What goes round has an amazing habit of coming round again. Under the heading of Myth 2, the Daily Mail of 3 March carried an article in which Valfrid Paulsson, the former Director General of Sweden’s Environmental Protection Agency, stated that over emphasis on recycling was ill judged and that incineration of combustible packaging waste was a considerably better option.

To quote Valfrid, “a booming recycling market by 2010 was a dream 40 years ago… and is still just a dream”.

There is an old adage that if you give a million monkeys a million typewriters, one of them will produce the Works of Shakespeare. By the same yardstick, we might one day discover a sensible route to the recovery of lightweight complex packaging materials. Of course, anything can be recycled with enough effort but the big test comes with the question is it commercially, economically and environmentally beneficial?

Much modern packaging is made with great skill and ingenuity to employ the very minimum of material.

This process is often very complex, involving more than one base material, together with glues, printing, barrier and sealing layers and so on.

Each element of the packaging material performs a specific, often crucial, function in the provision of a safe, secure and protective way of containing a product.

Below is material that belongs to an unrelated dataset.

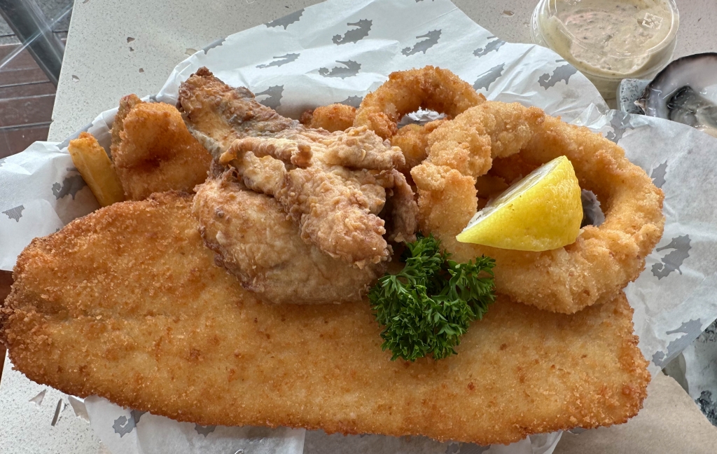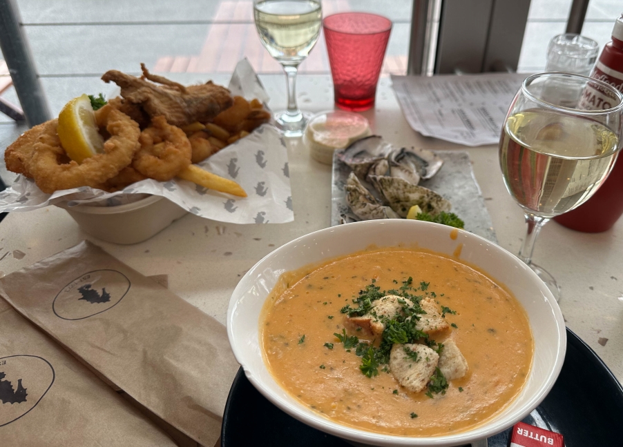 昼食に選んだのが、本日のスープとフィッシャーマンズ・バスケット、そして念願のタスマニア産オイスターです!
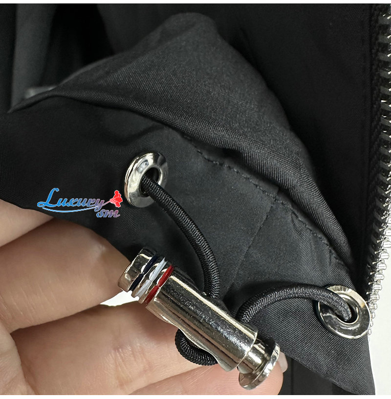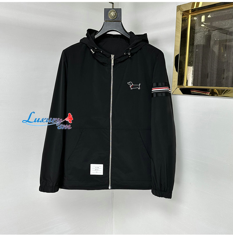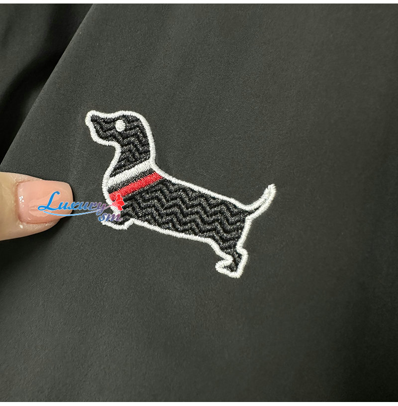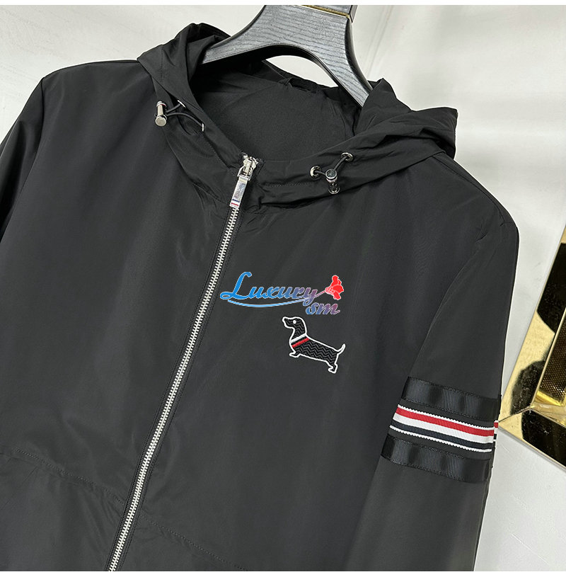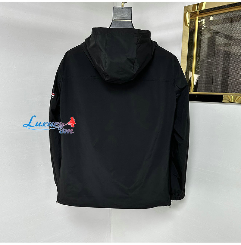THOM BROWNE-03228 톰 브라운 블랙 아플리케 장식 바람막이 후드 재킷 남성용

Separating these layers is not impossible, but is it really sensible?

Then comes the old problem, which many people seem to avoid discussing in the relentless push towards advocating recycled materials, namely the issue of direct contact with foodstuffs.

EC90/128 and its six subsequent amendments sets out the situation with regard to global migration from packaging material into foodstuffs.

Certainly recycled material can be incorporated into such packaging but, in reality, what manufacturer is going to risk his reputation and his future by incorporating scrap, no matter how well controlled and documented, into such sensitive packaging material. How can batch-to-batch variation be eliminated? How can even the smallest quantities of rogue, even noxious, material be avoided? Not surprisingly, most plastics packaging businesses prefer to work from virgin material and sleep soundly at night!

Given this scenario and the fact that some 65% of plastics usage is in packaging and some 60% of that is film, the only logical answer to optimum recovery for the benefit of the environment is incineration.

How gratifying to see that the Swedes, respected for their environmental rigour, have now decided that this is in fact the best solution for domestic waste. When will the people of this small island come to the same conclusion? Now that’s a burning question!